Isso não torna a utilização automaticamente falsa. Sempre pedimos ajuda para dizer o que sentimos. Compramos cartões com frases feitas, citamos poemas, mostramos uma mensagem a um amigo antes de a enviar e apagamos a mesma linha várias vezes. A inteligência artificial pode ajudar quem bloqueia diante da página em branco, organizar pensamentos ou melhorar uma frase. **O problema não é receber ajuda. É entregar a outra entidade precisamente a parte que deveria demonstrar cuidado.**

Uma [investigação da Universidade de Kent](https://www.kent.ac.uk/news/cyber-security-digital-technology-and-communication/37611/using-ai-for-love-letters-can-backfire-new-study-finds), realizada em seis estudos com quase quatro mil participantes, mostrou que o uso de IA em tarefas pessoais pode fazer com que o autor seja visto como menos cuidadoso, autêntico e digno de confiança, mesmo quando o texto é bom e a utilização da ferramenta é assumida. A rejeição não nasce apenas das palavras. Nasce da suspeita de que alguém poupou esforço exatamente no lugar em que o esforço fazia parte da mensagem.
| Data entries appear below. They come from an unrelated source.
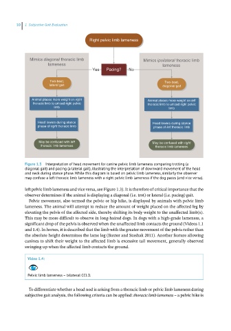 subjective gait analysis, the following criteria can be applied: thoracic limb lameness – a pelvic hike is
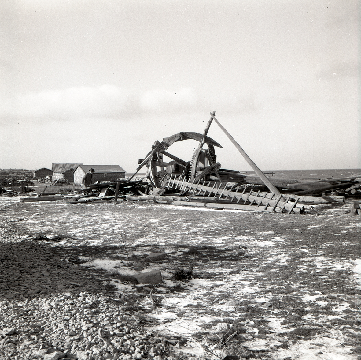 Skurkvarn vid Hjorthamn omkullblåst den 21/2 1962.
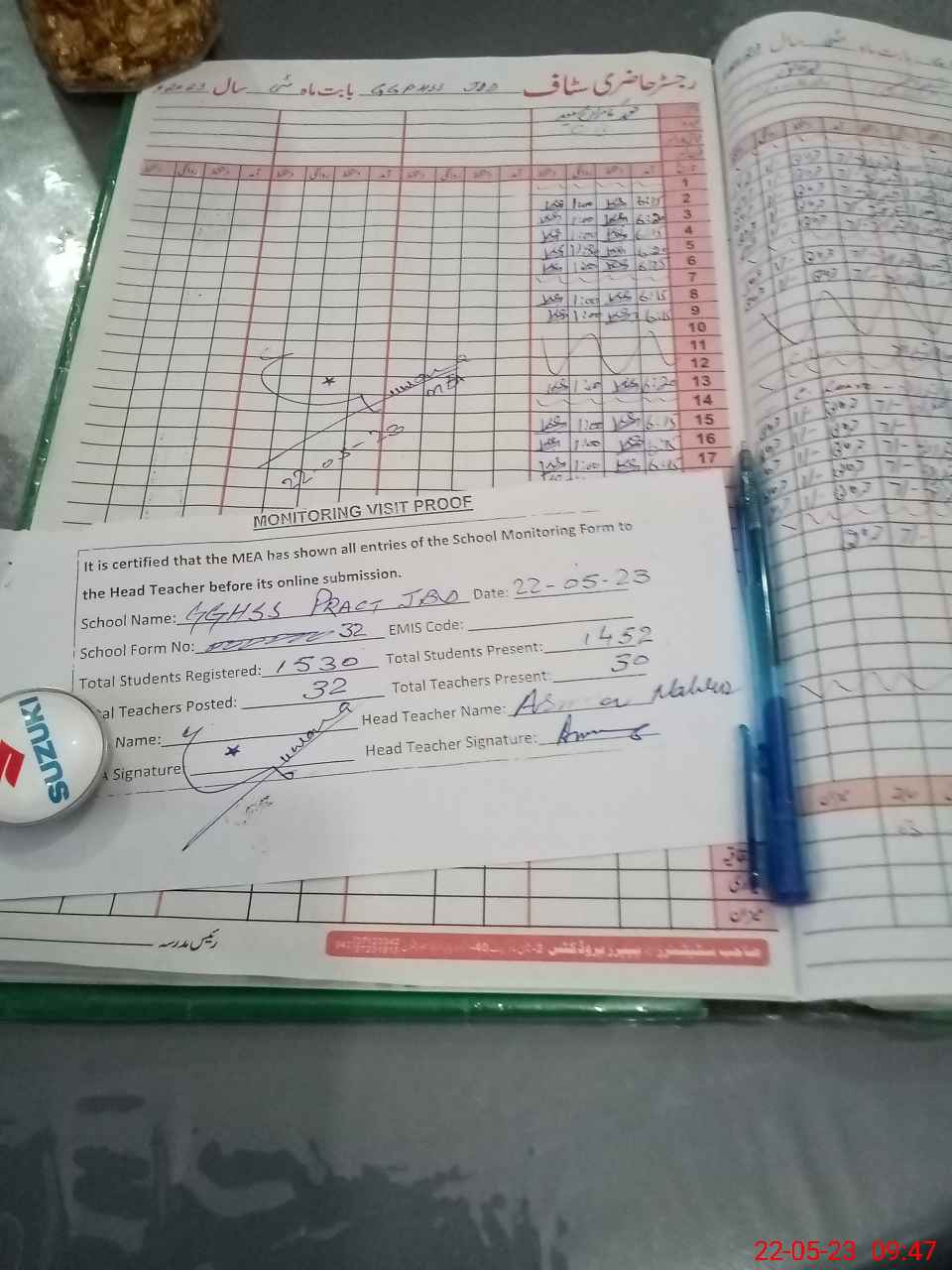 | Attendance Register | Head Teacher | MEA with School | Visit Proof |
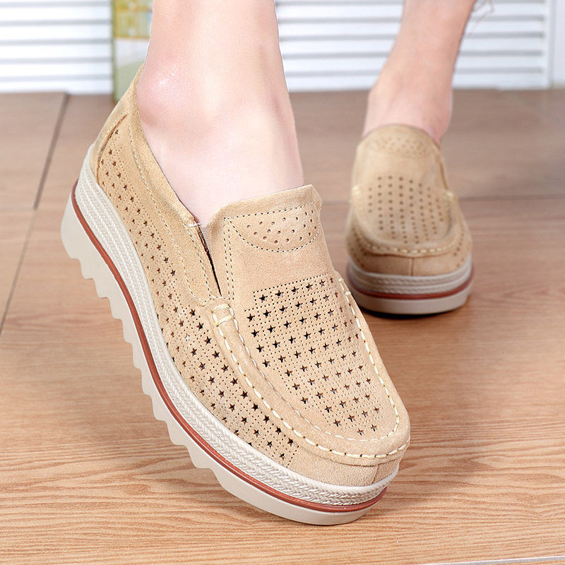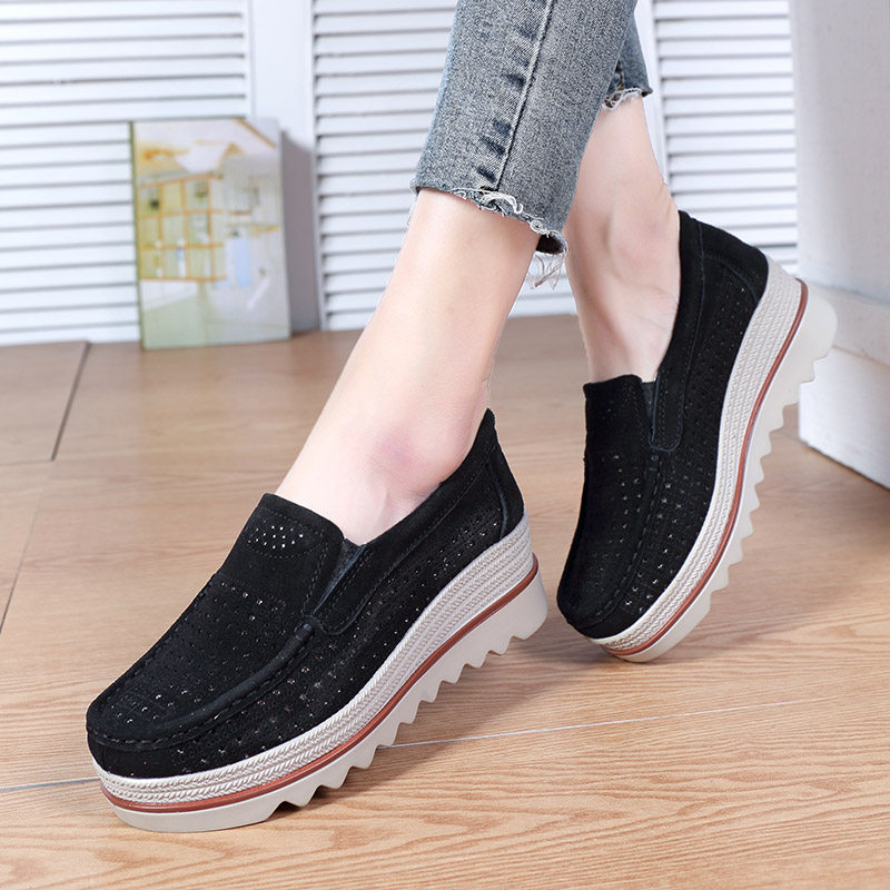 夏季学生镂空运动鞋增高女鞋韩版洞洞鞋休闲摇摇鞋真皮女凉鞋厚底

> Uma mensagem íntima não vale apenas pelo que diz. Vale pelo facto de alguém ter parado para a escrever.
>
> — Wanzeller

## Quando a máquina passa a representar a pessoa

O problema começa quando a ferramenta deixa de ajudar uma pessoa a exprimir-se e passa a representá-la emocionalmente. Basta pedir: “escreve um pedido de desculpa sincero”. Em segundos, surgem responsabilidade, empatia, arrependimento e promessas de mudança. A linguagem reconhece o erro antes de quem errou.
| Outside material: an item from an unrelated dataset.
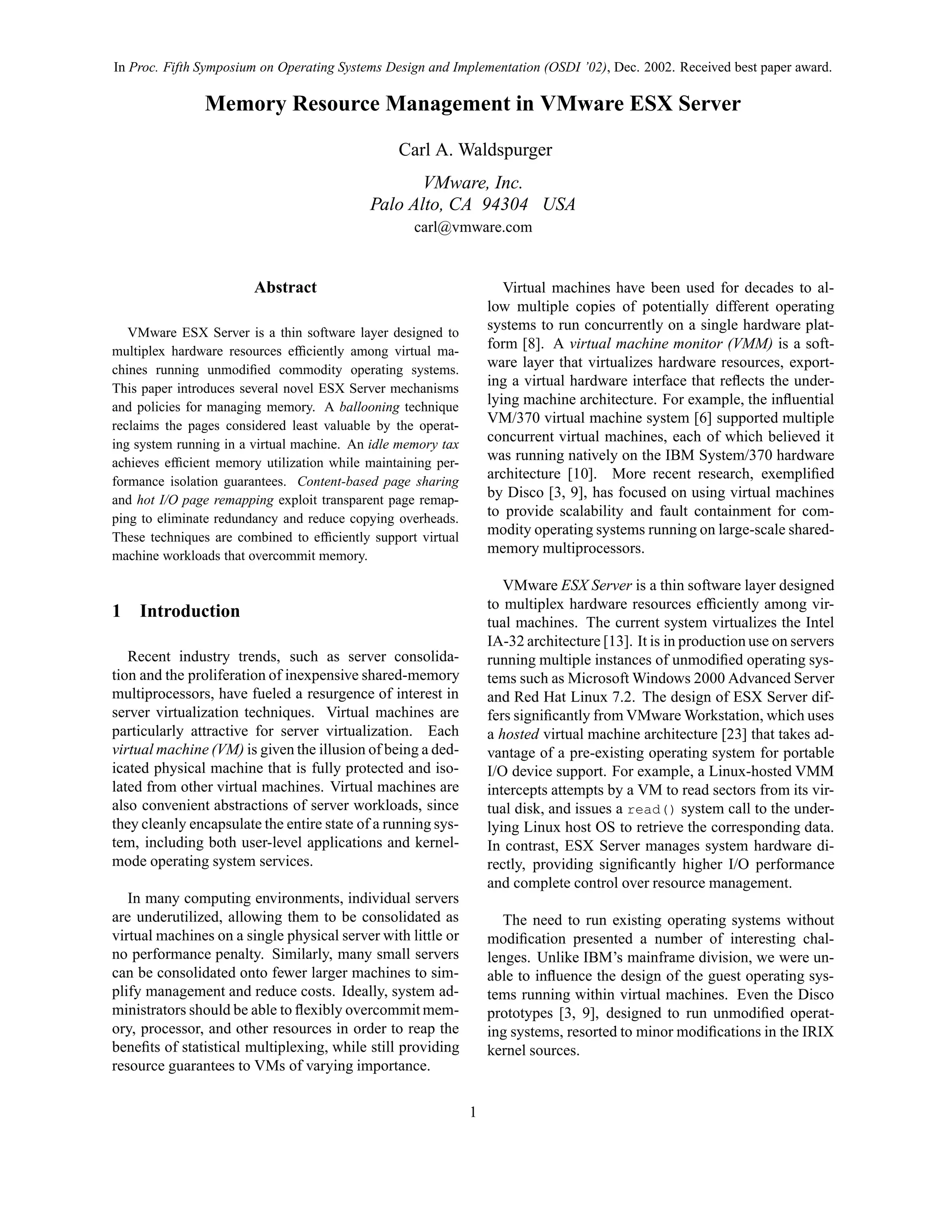 VMware ESX Server uses several novel techniques to efficiently manage memory resources across virtual machines:

Uma declaração pode soar vulnerável sem que ninguém se tenha arriscado. Uma mensagem de luto pode parecer pessoal sem conter uma única lembrança. **A máquina produz a forma da emoção; o remetente limita-se a assinar.**

## A dificuldade também comunica

Considero esta automatização mais delicada do que a geração de relatórios ou apresentações. Nas relações humanas, a dificuldade também comunica. Uma pausa num áudio, uma frase reescrita, uma palavra simples ou uma mensagem que chega um pouco imperfeita podem demonstrar que alguém realmente esteve ali.
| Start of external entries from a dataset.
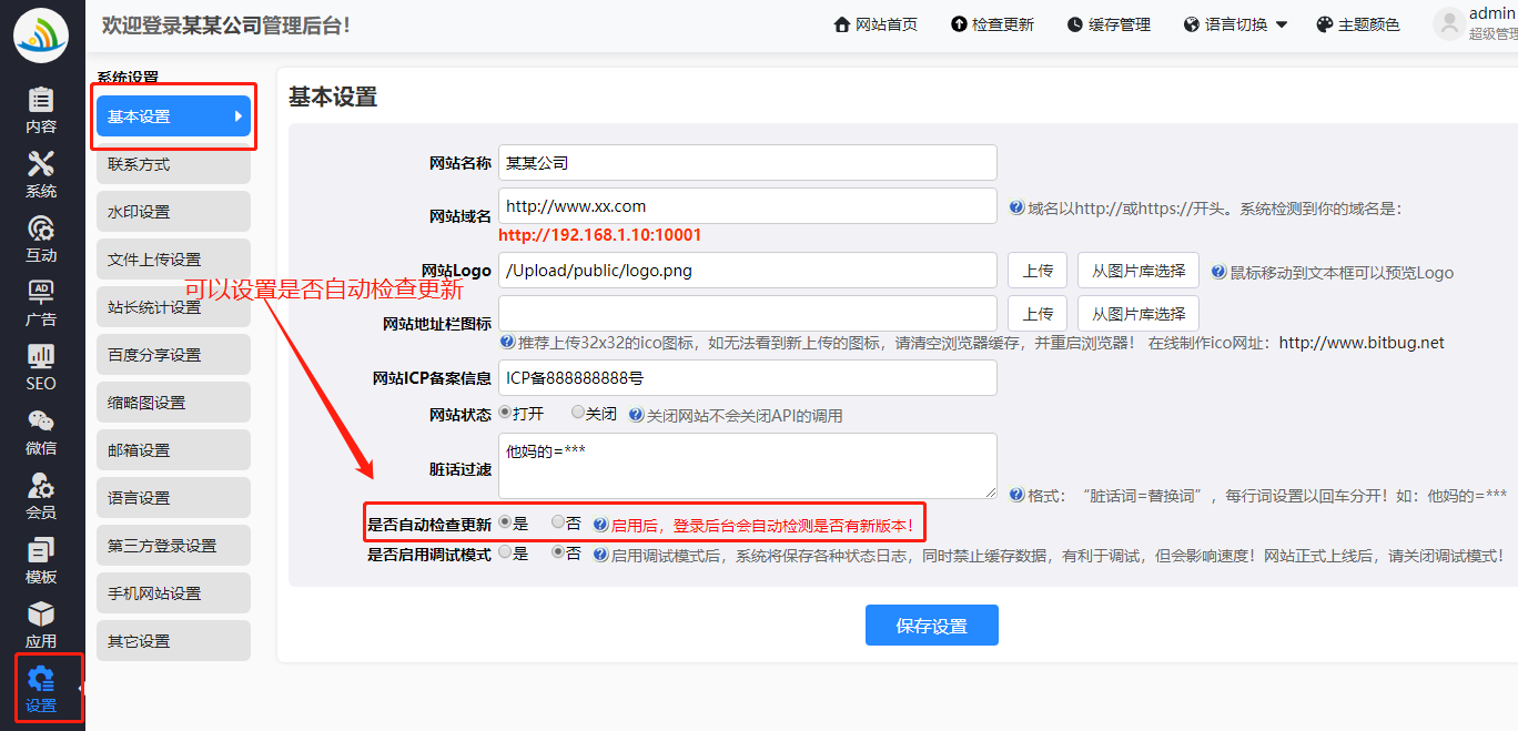 - 通過后臺(tái)【設(shè)置】——》【基本設(shè)置】可以開啟自動(dòng)檢查更新功能,如下圖:
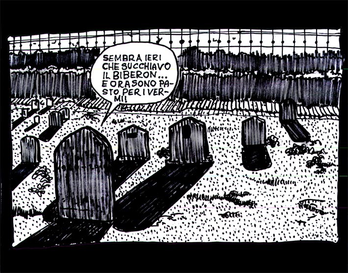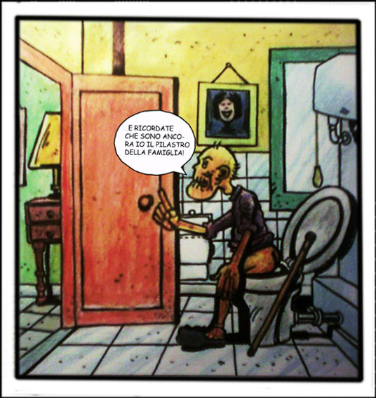 La pensione (forse), i pannoloni per gli incontinenti (quasi sicuramente), la prostata ingrossata (i più fortunati) etc. Questa, sappiamo, è la condizione che ci aspetta più o meno a "fine corsa", tutti doni involontari della vecchiaia. Sappiamo pure che nell'avanzare dell'età si ritorna un po' bambini illudendosi che la vita stia ricominciando. Così tra il viagra e una supposta, un vaccino anti influenzale e una fiala di enterogermina, l'anzianità ci prende per mano conducendoci verso quella che sarà la nostra dimora definitiva... In quel mentre c'è tutto il tempo di spaccare ancora un po' i coglioni ai parenti più stretti. Così come fa nonno Femore il vecchio scoreggione, nella vignetta.
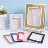 Black border window gift bag; white cardboard; length 26x width 10x height 32

Ninguém guarda um bilhete antigo porque a caligrafia era eficiente. Guarda-o porque reconhece naquela imperfeição a pessoa que o escreveu. Ao remover todas as arestas, a tecnologia pode apagar precisamente os sinais que tornavam a mensagem humana.

## A IA pode ajudar sem substituir

Não defendo que a inteligência artificial fique fora das conversas pessoais. Pode corrigir, traduzir, organizar e ajudar alguém a encontrar uma forma melhor de exprimir aquilo que já sente.

Estudos sobre [coescrita com modelos de linguagem](https://angelhwang.github.io/doc/CSCW_LLM_authenticity.pdf) indicam que a autenticidade está ligada ao processo, ao controlo e à contribuição real de quem escreve. A regra deveria ser simples: **a máquina pode melhorar a forma, mas a lembrança, a responsabilidade e a verdade têm de entrar antes da *instrução*.** Caso contrário, não usamos tecnologia para estar mais presentes. Enviamos uma interface em nosso lugar.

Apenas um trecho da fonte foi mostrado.